Quickly gaining familiarity with the codebase was an initial hurdle to get over, but once I figured out exactly where I should be timing certain functions, the actual C++ code to write was mostly trivial. I had some bad memory accesses that were initially hard to debug, as the pointers were being passed around through multiple function calls and macros. Switching to auto-free pointers alleviated this issue.

Once the C++ changes were made, the script code had a much faster iteration process. One major problem I ran into was that the internal usernames of Reapers weren’t compatible with Python’s UTF-8 implementation, so I had to write a special case for Reaper runtimes to discard the names and just report the total.

Because a majority of what condor_diagnostics does is dictionary handling, creating generalized utility functions to map, zip, and reduce diff-dictionaries was an interesting challenge that I think resulted in more fluent code in the long run.

Project Vision

Greg’s ultimate vision for Schedd observability is being able to trace a Condor job system-wide and all of the observability benefits that accompany it.
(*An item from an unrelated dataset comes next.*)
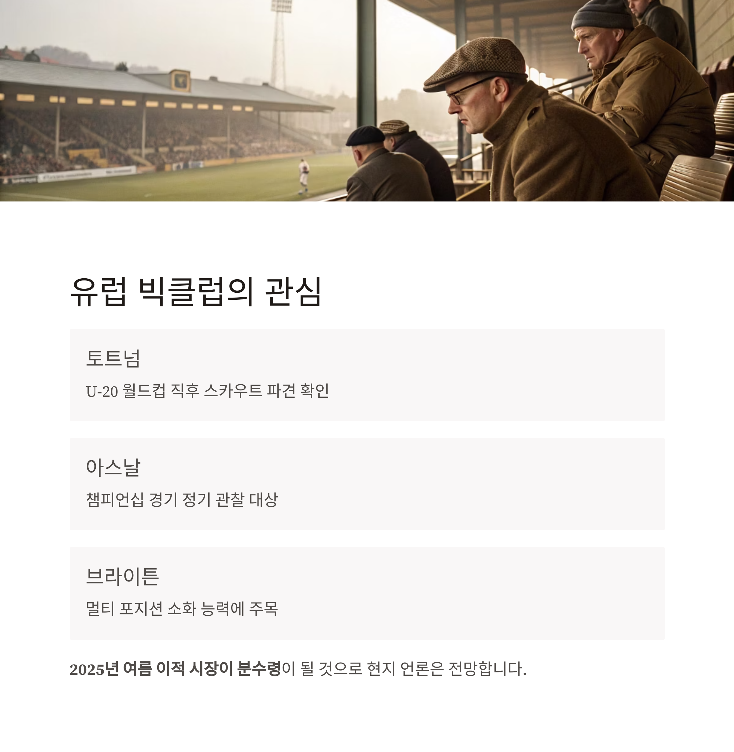 현지 언론: “프리미어리그 진입은 시간 문제. 2025년 여름 이적 시장이 분수령”

This project is focused on getting a per-machine breakdown of runtime information; distilling metrics further by job ID and having access points communicate this runtime information with each other is a logical next step towards this goal.

Project Deliverables

The main deliverable for this project is the condor_diagnostics script that is added to the bin directory. This Python script queries the Schedd periodically for runtime snapshots and “diffs” these snapshots together to paint a picture of the runtime composition of a given moment in time.

The console mode of the script was the first to be written, and displays a hierarchical overview of the runtime categories and the users within them, with color to highlight certain calls that take a high proportion of runtime. Many flags are included to tweak things like sample window, minimum print threshold, and parameterizing the weighted moving average. The graphical mode renders an interactive flame-graph of this data in a window, and otherwise is as configurable as the console mode.

An additional phase of the project was creating a proof-of-concept for a pipeline that can transform the output of condor_diagnostics into a prometheus data format, then send it to Grafana for visualization. This was accomplished using a Docker-Compose stack that runs on an access point.

Project Outcome

The goal of “observability” is broad enough in scope that it is difficult to determine quantitatively what constitutes improvement, but it is now possible to connect to a Schedd by name, and determine:

What commands, timers or tasks are hogging the process
Who could be overloading the system with commands like watch condor_q
When problems occur (transiently? periodically?) using Grafana

There is also an opportunity to use this script to monitor “test suites” of jobs for performance bottlenecks and other improvements.

Lessons Learned

This project has taught me a lot about dealing with large codebases and the challenges that come with them. I had never seen so many macros in use before, and cataloging them in a notebook was invaluable in understanding what certain functions were actually doing under the syntax. Further, taking notes on sections of Schedd and DaemonCore code was invaluable for being able to chunk parts of the system in my head.

Per Greg’s reading list, I read “Fluent Python” throughout the process of writing condor_diagnostics and tried to actively implement what I read about. I noticed myself using list and dictionary comprehensions much more often, and I felt that this resulted in much more readable code.

In the second phase of the project, I learned a lot of Docker tidbits from tying everything together. I was functional with it before, but after debugging network and file system errors for a while I am much more confident in writing Dockerfiles in the future.

Project Material Links and Descriptions

condor_diagnostics_prometheus: The proof-of-concept Docker stack
https://www.brendangregg.com: The holy grail of performance monitoring
Category Theory For Programmers: Not used directly, but made me think a lot about reducing computation, types, and transformations to their purest form.